South Pole

The South Pole is found where the Earth's axis of rotation intersects the surface in the Southern hemisphere, presently (and likely for millions of years to come) located in the remote, bleak interior of Antarctica. The U.S. has maintained the Amundsen-Scott South Pole Station at the South Pole since 1956. The physical station itself lies a few hundred meters from the actual Pole, which constantly moves relative to the station on account of the constant drifting of the ice beneath it.


The geographic South Pole marker—moved every year to account for the shifting ice. (January 2010)

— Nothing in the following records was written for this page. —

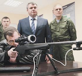 At the center, Medvedev inspected the school where Russia’s snipers are trained, and inspected the weapons they use. The school has practically every type of infantry weapon, including NATO ones.
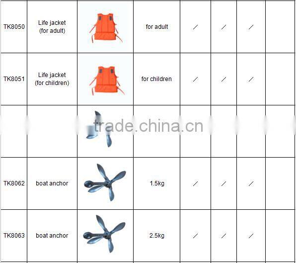 | Accessories | 1. Aluminum oars×1Pair 2. Netted sandwich cushion× 2 pcs 3. Middle size Foot pump × 1pc 4. Wooden strip board × 4pcs 5. Hand bag × 1pc 6. Professional repair kit × 1Set, 7. Fishing rod holders× 2pcs |
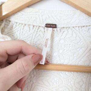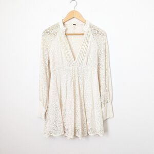 Free People ivory Uptown Lace plunge v-neck pleated long sleeve mini dress

Although there's more than one definition of "the South Pole", the most popularly accepted one (and a travel destination) is a fixed location in the southern hemisphere at the Earth's axis of rotation, latitude 90°S (longitude not applicable). The Earth's axis, and therefore the position of the South Pole, is constantly subject to wobbles of up to several meters known as polar motion. However, the "South Pole" that is, the one defined as 90°S remains in a fixed position for practical reasons, like keeping coordinates steady, with polar motion and the precise definition of the South Pole only relevant for certain scientific activities. Unlike the North Pole, which is nothing but a sheet of ice floating on the surface of the Arctic Ocean, the geographic South Pole is located on solid ground, allowing a permanent research station to be built at the site of the pole itself. Although it was once an elusive goal that took the lives of many explorers, thanks to modern technology, it has been permanently staffed since 1956. The overwhelming majority of the South Pole's visitors are scientists and support staff for the U.S. Antarctic Program and the Antarctic research arms of other nations visiting the station. The station can also now be reached by commercial travel expeditions, although the high cost (around USD $45,000+) keeps private visitor numbers very low. The actual pole is marked by a metal rod, adjusted on New Year's Day each year to account for the movement of the ice around the site.

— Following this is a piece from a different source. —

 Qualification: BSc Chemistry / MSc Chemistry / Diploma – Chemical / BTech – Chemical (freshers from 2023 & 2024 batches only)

The "South Pole" is also defined magnetically, where all field lines of the Earth's magnetic field point upwards, which continues to be important for navigational purposes. The South Magnetic Pole drifts around, located in the Southern Ocean at 64°31′48″S 137°51′36″E in 2005 and moving by about 1015 km per year. Since there's nothing particularly interesting about it other than perhaps watching your compass not work, it receives no visitors. It is not to be confused with the confusingly-similar South Geomagnetic Pole, located at 79.74°S 108.22°E near Vostok Station in 2005 and wobbling slightly over time. The Earth's magnetic field can be likened to a strong bar magnet, with two polar opposites. The South Geomagnetic Pole lies where a line of best for this field intersects the surface in the Southern hemisphere. The South Magnetic Pole is where the actual field lines come together, since the field is not perfectly symmetrical and does not conform to a straight axis.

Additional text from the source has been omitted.